Les deux hommes éclatèrent de rire. Blake leur lança :
 — Vous êtes en train de vous moquer de moi, je vous vois !
Magnier répliqua :
 — Attention, il y a un arbre à deux cent mètres devant toi. freine, tu vas le percuter demain soir !

— En France, vous faites moins cuire la viande qu’en Angleterre. Chez vous, tout est servi rouge, saignant à l’intérieur.
— Et chez vous, c’est de la semelle. C’est vous qui avez un problème avec la viande. Vous la faites toujours trop cuire. C’est un défaut historique. Regardez ce que vous avez fait à notre Jeanne d’Arc. Vous l’avez tellement cuite que vous l’avez brûlée !

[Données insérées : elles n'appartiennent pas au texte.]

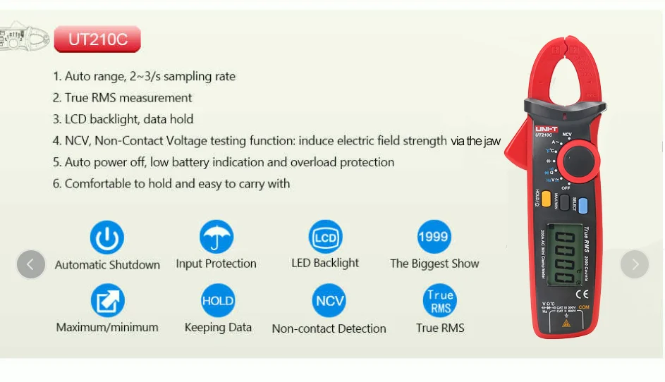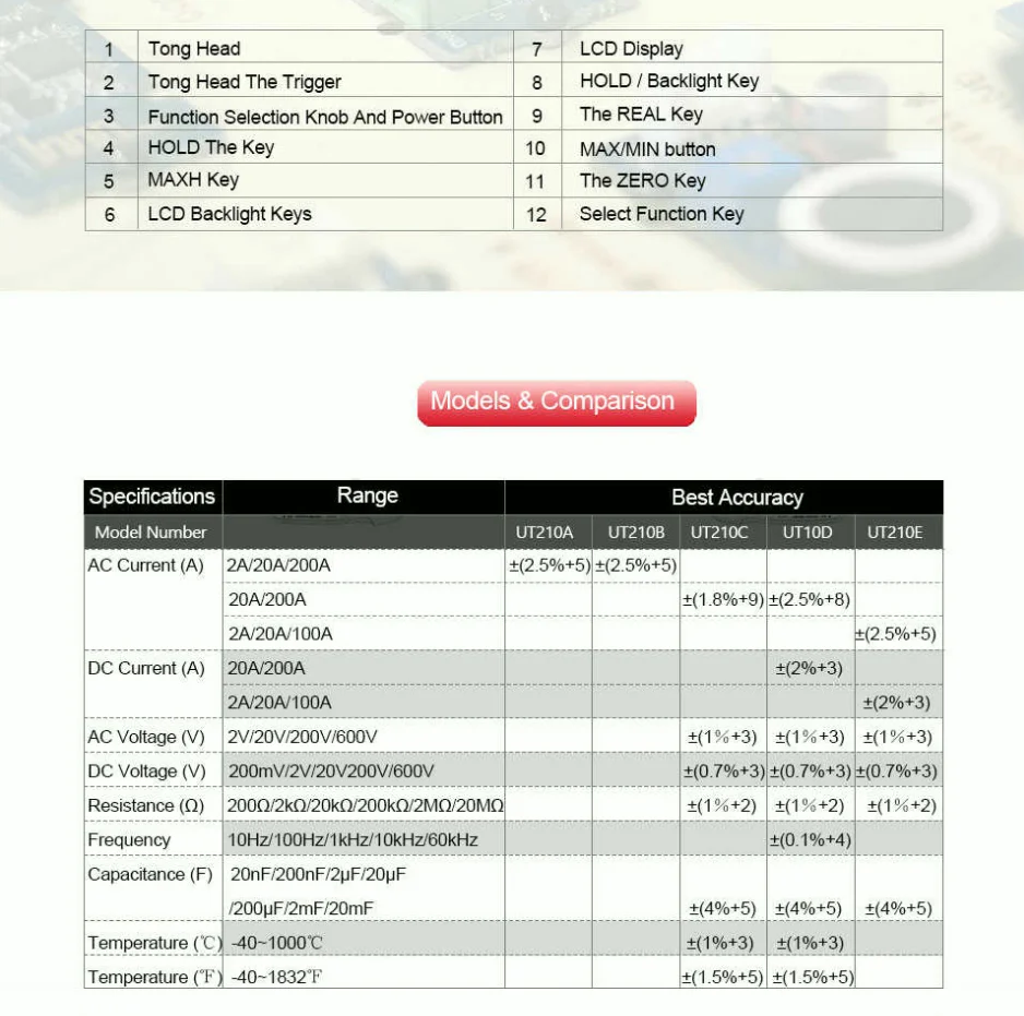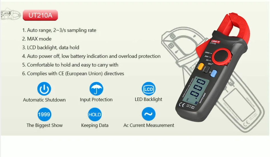 1.UT210A и UT210B поддерживают только ток переменного тока. 2.UT210C поддерживает AC Ток, AC/DC напряжение, сопротивление, емкость, температуру 3.UT210E поддерживает AC/DC ток, AC/DC напряжение, сопротивление, емкость 4. Поддержка UT210D выше всего

Pour une fois, le chat de la couverture n’est pas fictif, il y en avait un beau angora dans les pages, Mephisto. Mais je n’ai pas été dupe sur l’embonpoint du chat, ni sur sa disparition. On ne me la fait pas à moi !

— Au fait, merci pour ce midi. Votre terrine était succulente.
Odile se retourna :
— Ma terrine ?
— Celle que vous m’aviez préparée sur l’assiette.
Odile devint toute rouge.
— Vous avez mangé le repas de Méphisto ?
L’animal ouvrit les yeux brutalement. Blake en fut presque plus surpris que de la remarque de la cuisinière. Comment le chat avait-il compris ?

Point négatif : j’aurais bien aimé passer plus de temps en compagnie des personnages. Premièrement, j’étais en agréable compagnie et deuxièmement, j’aurais aimé en savoir plus sur les événements qui allaient se passer. Mais j’ai eu beau secouer la version papier comme la numérique, j’étais arrivée au bout de ce charmant petit roman qui m’a fait passer un super bon moment de lecture, sans me prendre la tête.

Maintenant, je peux retourner dans mes romans noirs.